Think back to the guitar sound of the early George Harrison Beatles, Brian Jones Stones, Hermans Hermits, Troggs, etc. I am not sure how to characterize it except as twang clang. Nice clean sound such as you obtain when you play a good guitar through a good little amp at about half volume – no distortion, just clang twang. The Beach Boy sound also typifies this kind of sound as did Robbie Robertson of the Band. There is a readily identifiable tone and predictable decay rate and that rate is fairly rapid.
Then, by the late 60s you have the sound Jimi Hendrix is getting, Eric Clapton with Cream, Jimmy Page with Led Zeppelin, Jeff Beck in Truth (funny how these last 3 all came from the Yardbirds). What happened? Someone discovered distortion and sustain. All of a sudden, instead of twang and clang you had an instrument which could literally sing in the right hands. Instead of Vox and Fender Twin Reverbs there were Marshalls with 100 watt heads and2X4 cabinets and they distorted really fine.

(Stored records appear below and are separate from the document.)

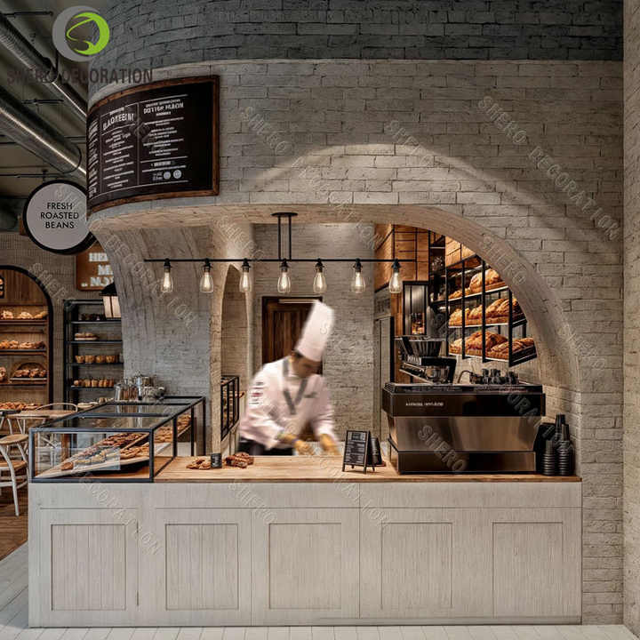 Muebles de panadería personalizados, diseño de vitrina para exhibir pan, vitrina moderna para exhibir postres y pasteles para exhibición en panadería.
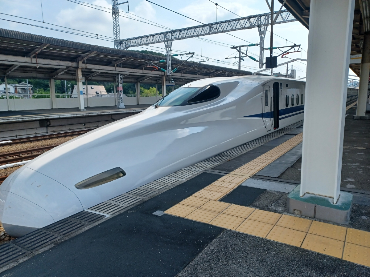 『JR相生駅』 新幹線の駅は兵庫で最西端に位置します。 他の新幹線の待ち合わせ駅です。 駅のホームから南側を眺めると、遠くに造船所が見えます。 在来線は山陽本線と、瀬戸内海沿いを走る赤穂線があります。 この地域は牡蠣の養殖で有名です。
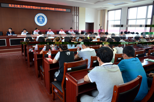 7月13日下午4:00,我院在行政樓五樓會議室召開2012-2013學年黨建工作表彰大會。北京交通大學黨委副書記、我院院長高福廷,我院執行院長王大勇,副書記兼副院長張長铎,副院長吳子成、徐維祥以及各相關單位負責人、各黨支部書記出席會議。我院全體教職工黨員及學生黨員參加會議。表彰大會由學生處處長孫文博主持。
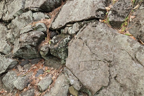 この松の丸櫓台の石垣は角だけが花崗斑岩で他は和泉砂岩だそうです。
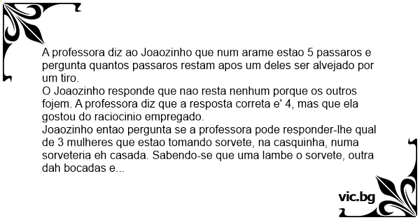 Joaozinho entao pergunta se a professora pode responder-lhe qual de 3 mulheres que estao tomando sorvete, na casquinha, numa sorveteria eh casada. Sabendo-se que uma lambe o sorvete, outra dah bocadas e a terceira chupa o sorvete. Apos o embaraco inicial a professora responde que aquela que chupa o sorvete eh a casada.
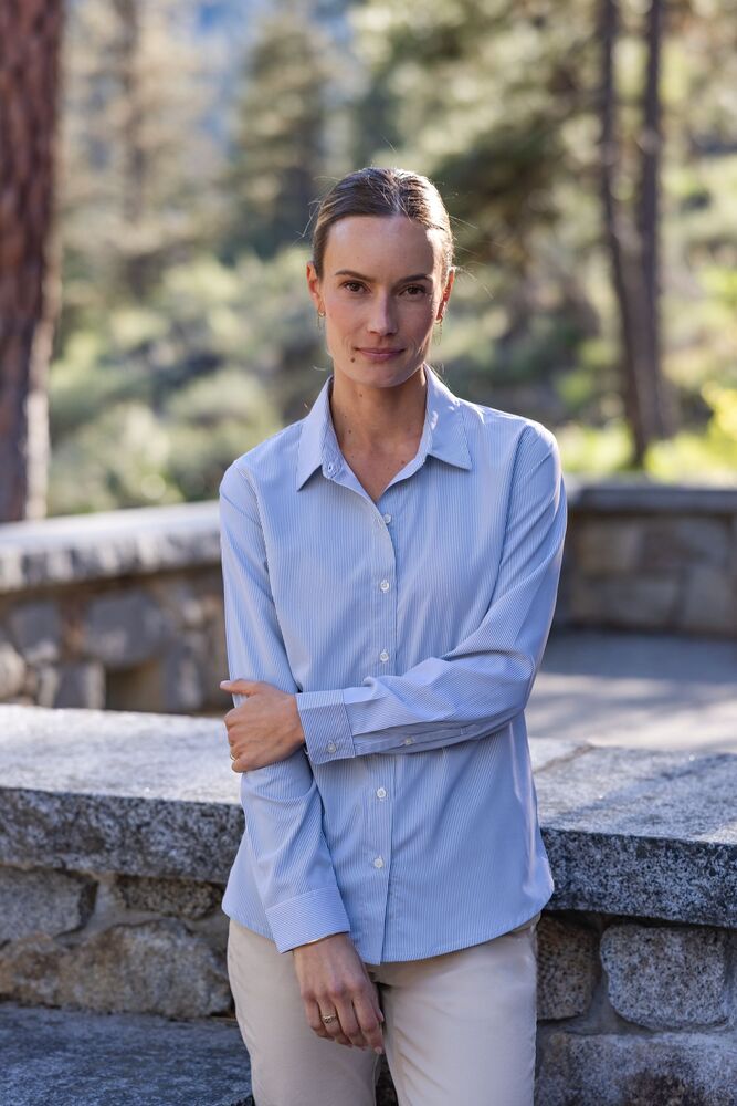 The iconic Cutter & Buck Skyline Recycled Pinstripe Womens Long Sleeve Spread Collar Dress Shirt is engineered with innovative work-to-weekend performance fabric for exceptional versatility.  Crafted to instill confidence, and engineered with high quality certified eco-friendly recycled polyester spandex weave for lightweight comfort and breathability, the Skyline will be your favorite womens patterned long sleeve dress shirt for work, travel, the big pitch, then happy hour. With the Skyline's PFAS free stain resistant finish and all-day recovery, you'll look and feel ready to create the next big thing.   - 95% Recycled Polyester, 5% Spandex - Made from GRS Certified post-consumer recycled polyester - Work-to-Weekend PFAS Free Stain Resistant Finish - Moisture Wicking Performance Fabric - Lightweight and Breathable - Easy Care - Button Down Collars and Barrel Cuffs - Epic Confidence Collection - Machine wash - Imported
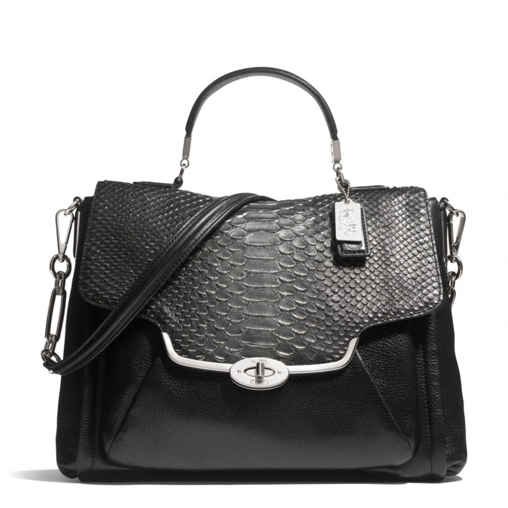 COACH F26338 - MADISON GLITTER PYTHON SADIE FLAP SATCHEL - SILVER/BLACK - HANDBAGS
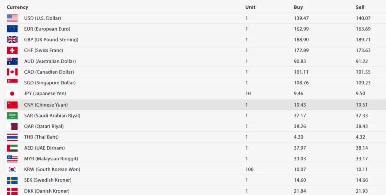 अष्ट्रेलियन डलर एकको खरिददर ९० रुपैयाँ ८३ पैसा र बिक्रीदर ९१ रुपैयाँ २२ पैसा, क्यानेडियन डलर एकको खरिददर १०१ रुपैयाँ ११ पैसा र बिक्रीदर १०१ रुपैयाँ ५५ पैसा, सिङ्गापुर डलर एकको खरिददर १०८ रुपैयाँ ७६ पैसा र बिक्रीदर १०९ रुपैयाँ २३ पैसा निर्धारण गरिएको छ ।
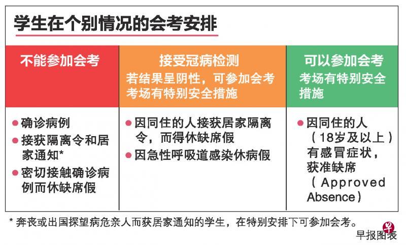 那些因有急性呼吸道感染症状而休病假,以及家里有人获居家隔离令而休缺席假的学生,在接受冠病检测后,若结果呈阴性,也可参加会考。因家中有人出现感冒症状,而获准缺席的学生也准许应考。

This is, I think, critical, because it expanded the ability of the guitar to make music dramatically. You no longer had a short, predictable decay rate. You could play a note and sustain it, modulate it in various ways, bend it, add a little or a lot of vibrato, etc. The sound of the guitar in some ways was becoming more like that of a violon in terms of sustainability and the modifications possible after the note had been struck.

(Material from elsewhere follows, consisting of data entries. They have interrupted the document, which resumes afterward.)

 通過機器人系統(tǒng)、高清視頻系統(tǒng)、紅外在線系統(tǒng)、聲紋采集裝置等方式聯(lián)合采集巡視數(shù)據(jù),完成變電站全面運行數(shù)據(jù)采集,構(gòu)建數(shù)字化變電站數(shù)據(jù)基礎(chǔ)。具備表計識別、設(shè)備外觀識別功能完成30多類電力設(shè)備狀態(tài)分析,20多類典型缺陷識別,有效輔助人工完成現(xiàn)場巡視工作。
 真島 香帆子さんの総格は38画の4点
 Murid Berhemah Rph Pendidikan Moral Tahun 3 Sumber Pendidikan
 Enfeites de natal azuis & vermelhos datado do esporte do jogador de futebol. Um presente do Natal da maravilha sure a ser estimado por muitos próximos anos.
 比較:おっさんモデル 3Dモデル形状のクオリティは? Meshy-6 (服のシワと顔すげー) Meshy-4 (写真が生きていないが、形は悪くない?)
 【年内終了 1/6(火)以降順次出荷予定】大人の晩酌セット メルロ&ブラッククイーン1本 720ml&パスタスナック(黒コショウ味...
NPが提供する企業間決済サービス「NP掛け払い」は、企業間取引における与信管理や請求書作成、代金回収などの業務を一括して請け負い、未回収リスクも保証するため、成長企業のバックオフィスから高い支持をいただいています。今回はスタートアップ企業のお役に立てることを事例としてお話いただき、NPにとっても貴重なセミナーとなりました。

Once this change in the sound was achieved, guitar solos became interesting. And boy, were there guitarists ready to take advantage of it!

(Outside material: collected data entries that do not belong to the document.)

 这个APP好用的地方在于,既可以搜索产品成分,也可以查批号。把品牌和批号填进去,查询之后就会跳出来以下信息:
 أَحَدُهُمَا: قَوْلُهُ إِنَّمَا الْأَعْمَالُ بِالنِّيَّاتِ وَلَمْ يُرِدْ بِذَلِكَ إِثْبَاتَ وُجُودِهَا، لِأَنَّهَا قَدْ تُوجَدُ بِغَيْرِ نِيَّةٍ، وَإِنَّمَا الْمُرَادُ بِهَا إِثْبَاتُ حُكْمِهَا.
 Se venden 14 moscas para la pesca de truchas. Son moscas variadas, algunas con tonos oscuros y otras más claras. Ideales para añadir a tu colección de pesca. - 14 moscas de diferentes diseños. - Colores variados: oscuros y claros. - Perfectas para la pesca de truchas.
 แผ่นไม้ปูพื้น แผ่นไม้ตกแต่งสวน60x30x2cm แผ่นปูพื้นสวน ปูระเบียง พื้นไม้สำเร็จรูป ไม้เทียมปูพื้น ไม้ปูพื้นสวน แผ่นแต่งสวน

Then someone discovered the Altec Lansing Voice of the Theatre speakers and decided to use them as PA speakers for bands. Holy Toledo – these suckers could cut through anything. And you could bolster not just the vocals but every other instrument as well. If 2 were great, 4 were even better, 6 just ratcheted everything up and bands were now playing with the kind of volume that could, literally, move you.
Also, someone decided to take the Hammond B3 organ out of the church and stick it in a rock band, feeding through those glorious Leslie 145 speakers. Listen to Steppenwolf. When those horns start spinning and the Doppler effect kicks in, hang on for dear life. Those miserable Farfisa organs (the Doors) almost instantly disappeared.

Interesting, isn’t it – the big Marshalls, the Altec Lansings, the Hammond/Leslies – you had a completely different sound at a completely different sound level. If there were instruments that characterized this era, then these were it.

Sidenote – Jimmy Page in the early Led Zeppelin albums completeley changed the role and sound of the guitar in a band. But that incredible sound he gets in those early albums did not necessarily come with the big artillery. The way the story goes, many of the recordings on the first two albums were done with his 58 Telecaster through a Supro amp. What’s a Supro amp? People at those recording sessions remember it as a “grey and silver tiny little bastard”. In any case, it sure did the trick.
Sidenote – and let’s not forget 2 really recognizable effects – fuzz and Wha Wha!!